In October 1954, Rich was extradited to Las Vegas, where he testified before a grand jury in Hartley’s death but was not indicted. Goergacackis was brought in for questioning on Hartley’s killing and later released.
Witnesses, suspects disappear
Hanley came to Las Vegas from Iowa in 1940 to work for the Basic Magnesium Plant in Henderson, while he lived in a small home on the corner of East Ogden Avenue and North 17th Street in Las Vegas.
“He had a reputation of being kind of a sociopath,” Schumacher said. “He was someone who was willing to bomb a restaurant or seriously hurt somebody or kill somebody without any regrets or hesitation.”
One of Rich’s associates, former union official Ralph Alsup, had been convicted of assault on another union officer. He was considered a suspect in Hartley’s death. While Alsup denied any connection to the slaying, he promised to help authorities.

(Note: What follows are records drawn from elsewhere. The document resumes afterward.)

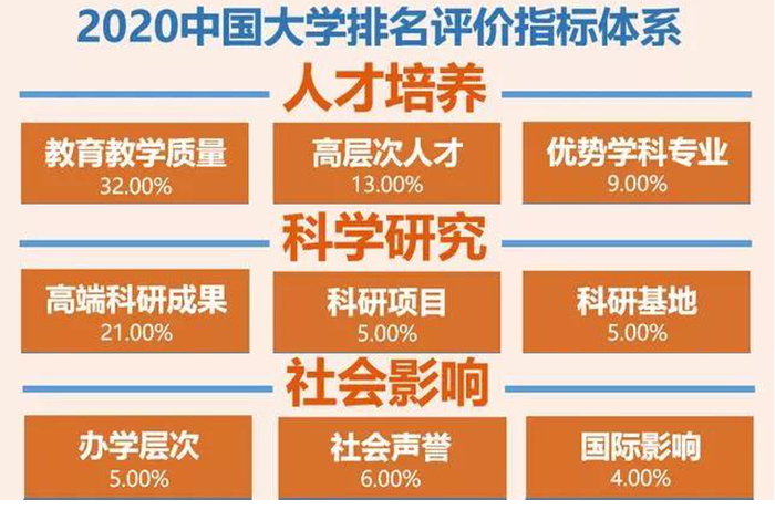 2020中国大学排名评价综合了教育教学质量、高层次人才、优势学科专业、高端科研成果、科研项目、科研基地、办学层次、社会声誉和国际影响等9大核心指标组成。
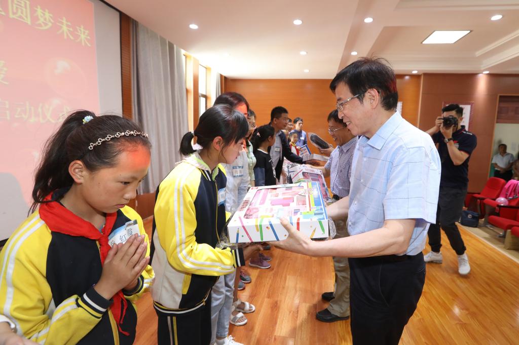 走进“梦想教室”,李家俊代表学校向同学们赠送了由崭新的书包、人文书籍和文具组成的“梦想加油包”,他鼓励同学们培养对科学的兴趣,争做“追梦人”,利用好“梦想教室”这一桥梁,将天大师生当作良师益友,未来也要成为担当民族复兴大任的栋梁!
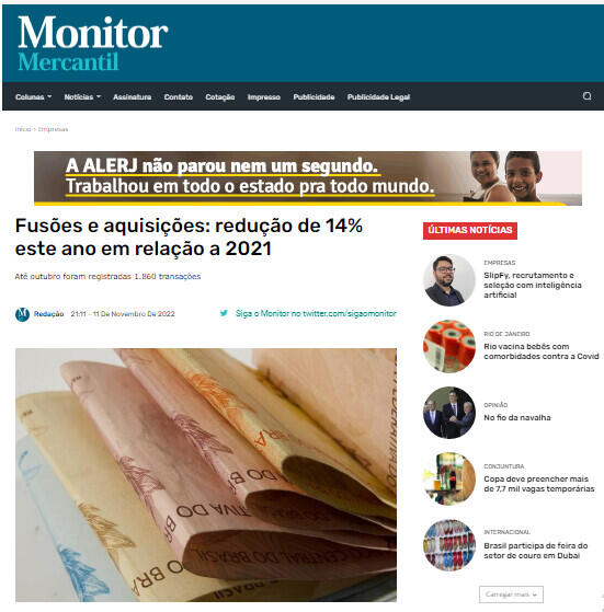 O mercado de fusões e aquisições brasileiro teve um encolhimento de 14% no número de transações em relação ao mesmo período de 2021. Foram 1860 transações e R$ 248,7 bilhões movimentados até outubro, de acordo com o relatório mensal do Transactional Track Record em colaboração com a Intralinks e Tozzini Freire. Desse total, 46% tiveram os valores revelados e 78% das operações já estão concluídas. Em outubro, 97 fusões e aquisições foram registradas, entre anunciadas e concluídas, totalizando R$ 16,2bilhões.
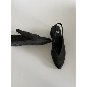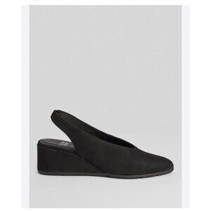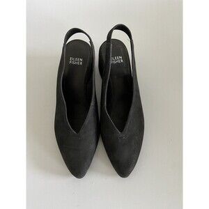 Eileen Fisher Gatwick Slingback Nubuck Shoes 6.5 Black Leather Block Heel New
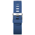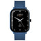 This watch features a rectangle dark blue plastic case housing a 1.8 inch full touch screen. Functions include Bluetooth calling, 22 sports modes, blood oxygen measurement, step tracker and sleep tracking. The watch is fastened with a dark blue silicone strap with quick release spring bars and comes with a 2 year guarantee.
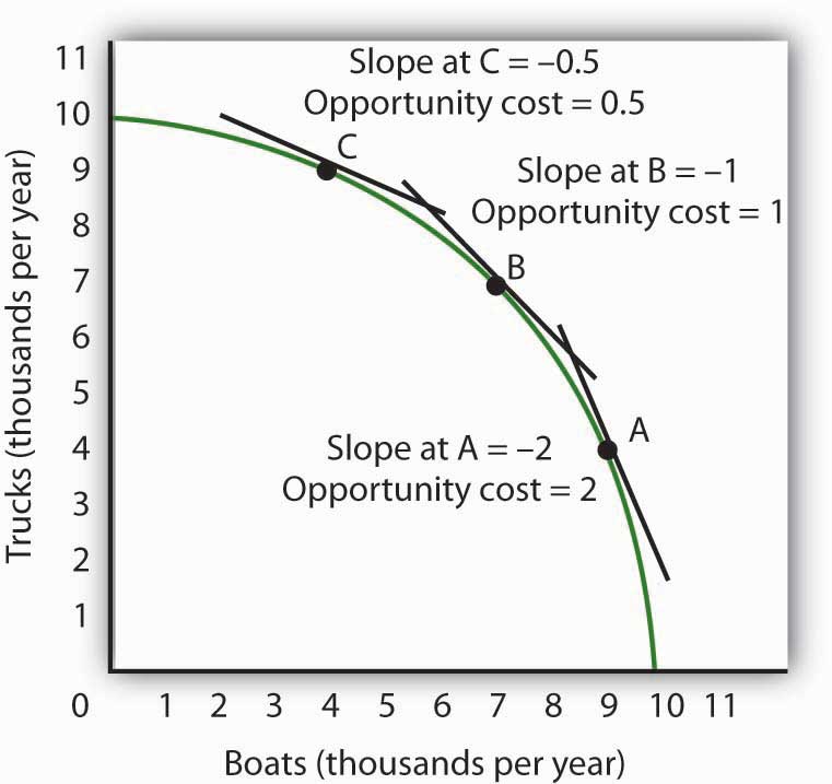 The slope of the production possibilities curve at any point is equal to the slope of a line tangent to the curve at that point. The absolute value of the slope equals the opportunity cost of increased boat production. Moving down and to the right along its production possibilities curve, the opportunity cost of boat production increases; this is an application of the law of increasing opportunity cost.
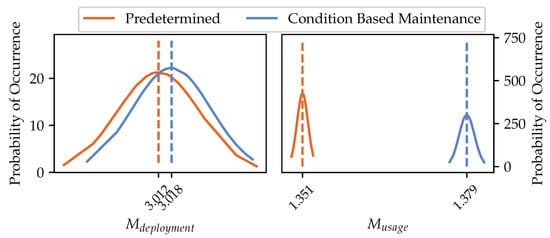 For , the mean values of the predetermined and the CBM strategy are quite close to each other. The distribution of the values of the predetermined maintenance strategy is almost the same compared to the distribution of the CBM strategy. The small difference in the mean values can be explained by the similar deployment strategy of the UAVs. Improvements could be achieved by changing the deployment strategy, e.g., by integrating unused UAVs. More UAVs could be used for a SaR mission if the next missions cannot be launched due to a lack of available UAV. This would result in a faster mission execution and higher utilization of available UAVs. However, it is questionable whether there will always be outstanding missions in reality. More UAVs deployed for a SaR mission means faster mission completion on the one hand, but higher costs on the other. Cost is not directly accounted for in this metric. The distributions of  can be better distinguished from each other. The dispersion looks very similar again, but the mean values of the distributions are clearly separated between the two maintenance strategies. This suggests that the enhanced maintenance strategies using PHM methods are having their desired effect. Checking the UAV status before deployment, deploying for the most appropriate mission, and initiating maintenance actions depending on the condition of the components lead to less degradation and maintenance actions. This would also reduce the cost in an indirect way, which again cannot be directly captured by this metric.

Alsup was shot to death in January 1966 outside his home near Eastern Avenue and Sunset Road.
A 12-gauge shotgun used to kill him was found in sagebrush three miles from his home, which was open desert at the time he was killed.
Thomas Hanley was suspected in Alsup’s killing, but he was acquitted after one witness was killed in a fire at the home of Hanley’s sister and another was nearly beaten to death.
Schumacher said Hanley’s career in Las Vegas paralleled the rise of the mob in town, which was steadily investing in casinos that union workers built, but Hanley likely would have hated having a boss telling him what to do.
“Some people in hindsight, have speculated that he could have been involved in many more murders than they were ever investigating,” Schumacher said. “He’s definitely someone who was kind of mob-adjacent, if you will. He hobknobbed with people who were involved in the underworld.”
In 1977, Hanley and his son, recently paroled burglar Andrew Gramby Hanley, took their private jet from Phoenix to Las Vegas to face charges in connection with the kidnapping and slaying of Al Bramlet, a culinary leader who went missing and was found buried with his hands sticking out of the shallow grave on Mount Potosi.
In a press conference on the tarmac at the Las Vegas airport, Hanley said he was being harassed by the series of murder and attempted murder charges levied against him over the last two decades. Hanley died two years later, while serving prison time for Bramlet’s killing.
As for Hartley’s killing, Schumacher isn’t putting his hopes in solving this case, though he believes Hanley, Rich and several others conspired.
“There’s almost zero chance that some new piece of information is going to come out that allows them to close the books,” he said. “Everybody’s dead pretty much.”